▼▼▼

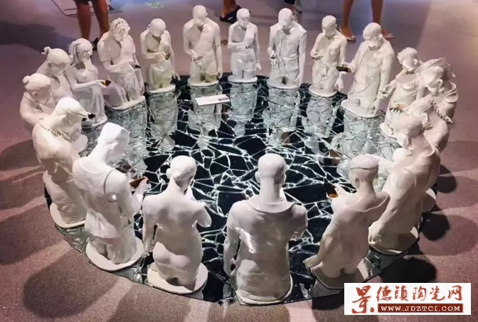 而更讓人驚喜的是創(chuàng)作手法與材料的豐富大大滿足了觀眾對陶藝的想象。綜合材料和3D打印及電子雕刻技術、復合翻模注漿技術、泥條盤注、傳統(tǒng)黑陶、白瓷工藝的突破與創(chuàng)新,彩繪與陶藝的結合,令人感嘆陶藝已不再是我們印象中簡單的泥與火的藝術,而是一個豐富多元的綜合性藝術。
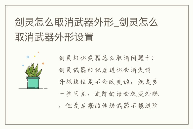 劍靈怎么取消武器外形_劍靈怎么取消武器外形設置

▲▲▲
▼▼▼

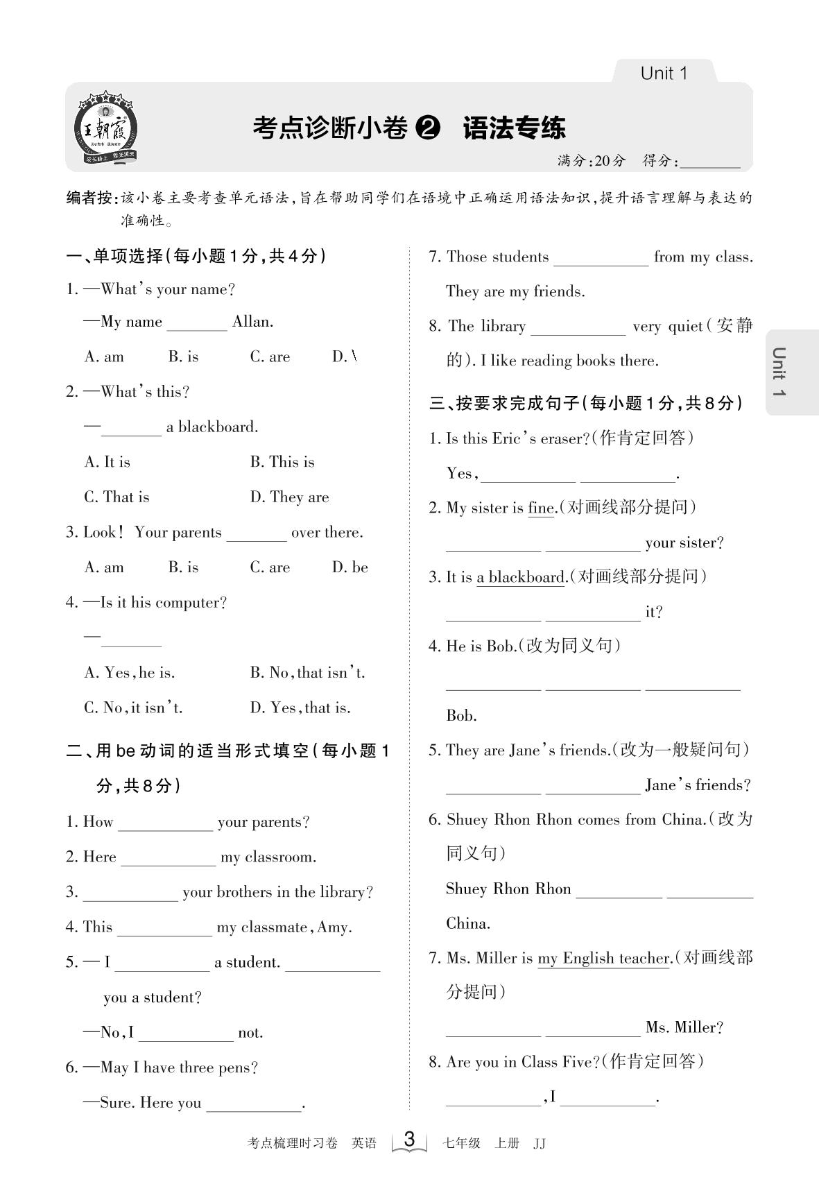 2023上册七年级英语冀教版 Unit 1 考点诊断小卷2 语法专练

▲▲▲
▼▼▼

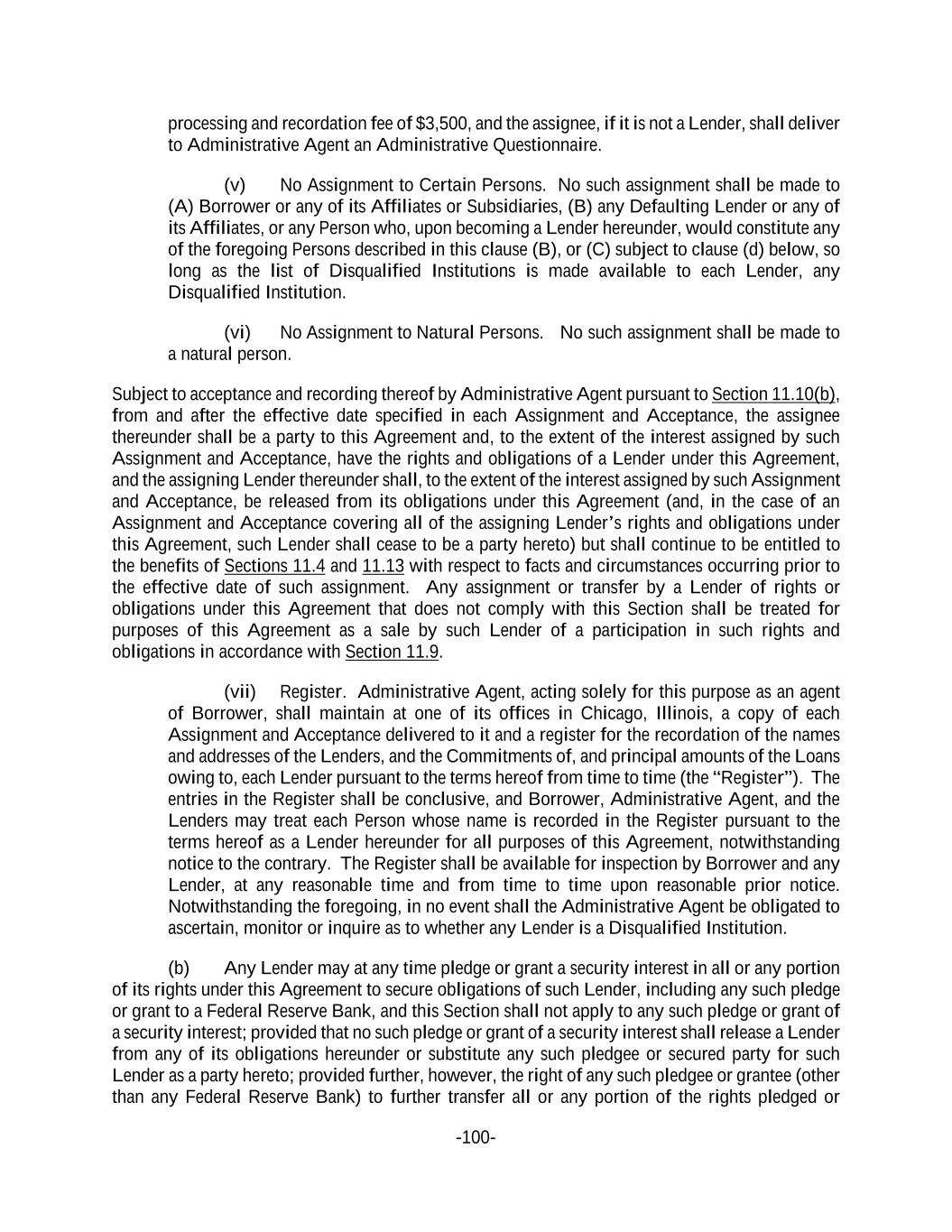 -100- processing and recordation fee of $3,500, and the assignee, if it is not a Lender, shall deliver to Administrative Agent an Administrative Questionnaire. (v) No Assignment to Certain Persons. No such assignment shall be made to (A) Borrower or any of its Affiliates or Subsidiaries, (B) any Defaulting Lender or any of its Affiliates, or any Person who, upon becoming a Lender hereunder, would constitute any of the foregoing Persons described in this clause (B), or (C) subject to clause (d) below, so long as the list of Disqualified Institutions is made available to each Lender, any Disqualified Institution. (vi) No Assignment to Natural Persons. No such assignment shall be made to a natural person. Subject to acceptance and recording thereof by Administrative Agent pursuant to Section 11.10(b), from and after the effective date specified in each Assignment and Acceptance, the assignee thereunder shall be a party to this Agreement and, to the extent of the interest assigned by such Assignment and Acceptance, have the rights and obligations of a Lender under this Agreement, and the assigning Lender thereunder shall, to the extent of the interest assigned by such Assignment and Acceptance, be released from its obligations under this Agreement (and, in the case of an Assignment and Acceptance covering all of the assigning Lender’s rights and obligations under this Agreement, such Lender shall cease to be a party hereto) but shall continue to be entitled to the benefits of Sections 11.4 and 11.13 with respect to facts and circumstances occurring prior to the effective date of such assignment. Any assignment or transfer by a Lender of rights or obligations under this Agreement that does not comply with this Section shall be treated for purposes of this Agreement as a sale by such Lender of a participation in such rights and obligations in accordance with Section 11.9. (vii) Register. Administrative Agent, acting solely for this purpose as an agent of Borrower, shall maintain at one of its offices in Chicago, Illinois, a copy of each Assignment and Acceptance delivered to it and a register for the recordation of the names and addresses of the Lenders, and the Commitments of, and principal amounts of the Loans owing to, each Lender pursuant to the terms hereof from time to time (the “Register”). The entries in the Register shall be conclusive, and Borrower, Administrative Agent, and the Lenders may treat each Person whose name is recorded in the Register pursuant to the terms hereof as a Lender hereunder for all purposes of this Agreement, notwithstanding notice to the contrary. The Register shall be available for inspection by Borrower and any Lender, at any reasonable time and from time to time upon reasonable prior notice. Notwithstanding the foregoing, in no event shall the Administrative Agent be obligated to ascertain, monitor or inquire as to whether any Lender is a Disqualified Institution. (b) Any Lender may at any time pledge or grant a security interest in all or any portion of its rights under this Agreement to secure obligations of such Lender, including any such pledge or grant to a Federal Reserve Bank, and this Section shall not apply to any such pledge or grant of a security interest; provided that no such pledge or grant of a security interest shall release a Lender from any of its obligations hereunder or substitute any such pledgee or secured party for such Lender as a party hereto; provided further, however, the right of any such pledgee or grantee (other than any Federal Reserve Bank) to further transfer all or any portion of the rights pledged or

▲▲▲

> **Task statement**:
What you write must match the listing exactly, from the line with "而更讓人驚喜的是創(chuà" up to and including the line with "劍靈怎么取消武器外形_劍靈怎么取消武器外形設置". Pictures stay out.

> **Expected answer**:
 而更讓人驚喜的是創(chuàng)作手法與材料的豐富大大滿足了觀眾對陶藝的想象。綜合材料和3D打印及電子雕刻技術、復合翻模注漿技術、泥條盤注、傳統(tǒng)黑陶、白瓷工藝的突破與創(chuàng)新,彩繪與陶藝的結合,令人感嘆陶藝已不再是我們印象中簡單的泥與火的藝術,而是一個豐富多元的綜合性藝術。
 劍靈怎么取消武器外形_劍靈怎么取消武器外形設置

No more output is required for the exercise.